Forget about starting a tree-trimming business in Alabama, California, Connecticut, Louisiana, Maine, Maryland or Rhode Island, because doing so requires a license. How the greenery in the 43 other states survives unlicensed trimming is a mystery.

 

If you live in Florida, Nevada, Louisiana or the District of Columbia and want to be an interior designer, good luck: It will take six years of experience (and paying average of $364 in fees) before you can get a license. Even becoming an emergency medical technician is easier: You need to take an average of 33 days’ training and pass two exams.

 

About those unpaid internships: Don’t count on one from a for-profit company in banking or publishing. These might provide a path to a permanent job, but they have been practically banned by the Labor Department. The government and community organizers, on the other hand, are still allowed to sign up unpaid interns.

 

Let’s say you do eventually find work. Then you will start paying taxes, mostly to subsidize government programs that increasingly benefit middle-aged and older Americans, many of whom have jobs and assets. The average household headed by an adult 65 or older has nearly 50 times the wealth of the average household headed by an adult younger than 35. In 1984, when the Census Bureau started compiling these statistics, the ratio was 10 to 1.

 

Yet programs to benefit older Americans, like Social Security and Medicare, increasingly are eating up the budget of a federal government that is $18 trillion in debt. Those two programs account for more than four dollars out of every 10 in the federal budget.

 

Oh, and many of you will pay taxes to help out state governments that are among those facing a collective $5 trillion in unfunded liabilities, mostly from unfunded promises made to government retirees.

 

You’ll even be expected to pay for the health care of older Americans with your higher health-care premiums under the Affordable Care Act, just so older people get to pay less.

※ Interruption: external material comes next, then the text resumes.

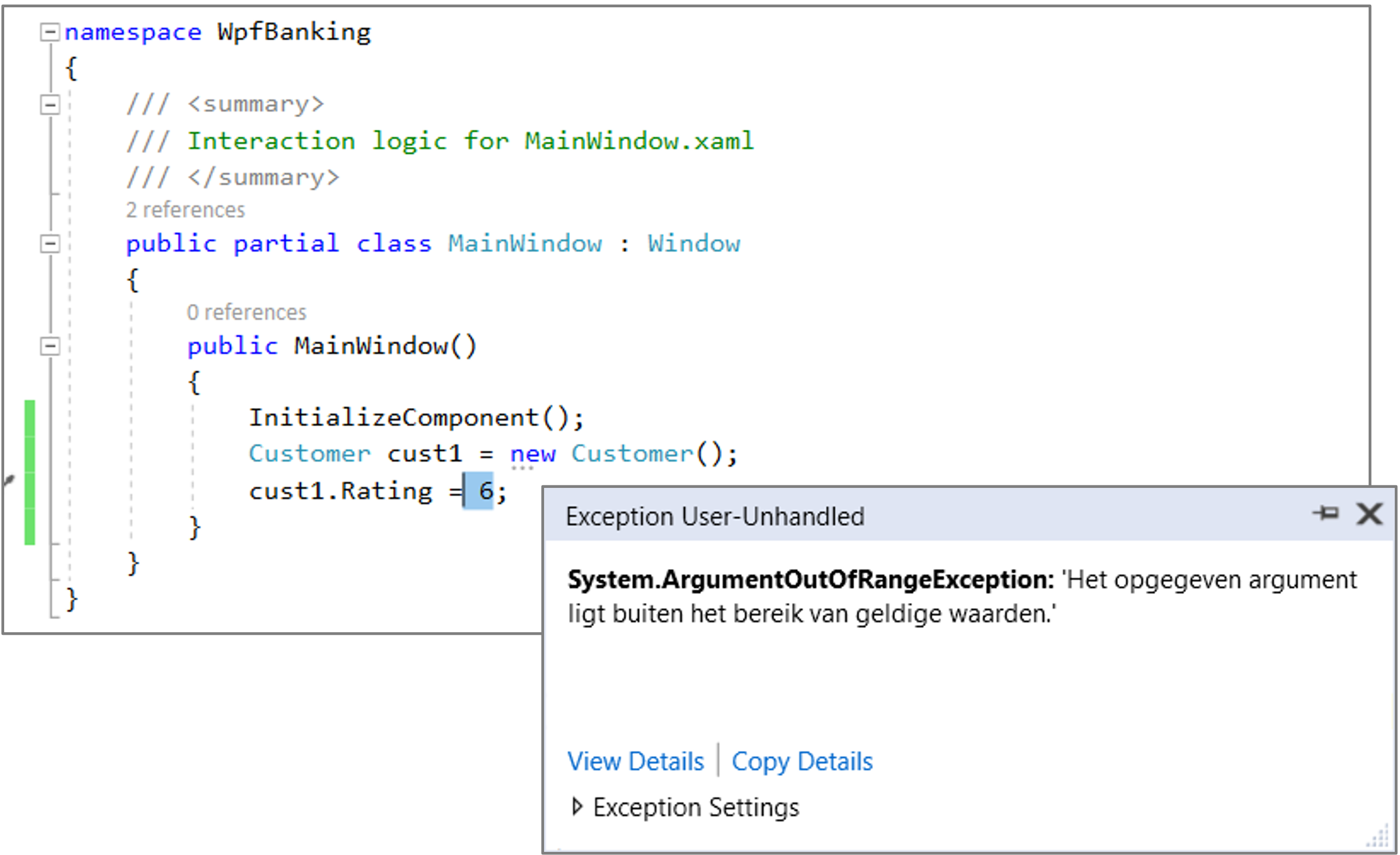 throw new ArgumentOutOfRangeException($"rating moet tussen 1 en 5 liggen");

So considerate of you.

 

President Obama isn’t to blame for all of this (except for the higher health-care premiums and the vanishing of unpaid internships). Most of these destructive policies began long before the current administration. Protecting the entrenched interests of the old at the expense of the young is getting to be a U.S. tradition.

 

AARP, originally the American Association of Retired Persons, spent $25 million on lobbying in the 2012 presidential-election cycle and more than $16 million for the 2014 midterms. AARP consistently ranks in the top 1% of lobbyist spending tracked by the Center for Responsive Politics.

 

With the extra time many of you will have on your hands after graduation, you might want to consider starting your own group to put pressure on Washington to change its ways: the American Association of Young Persons.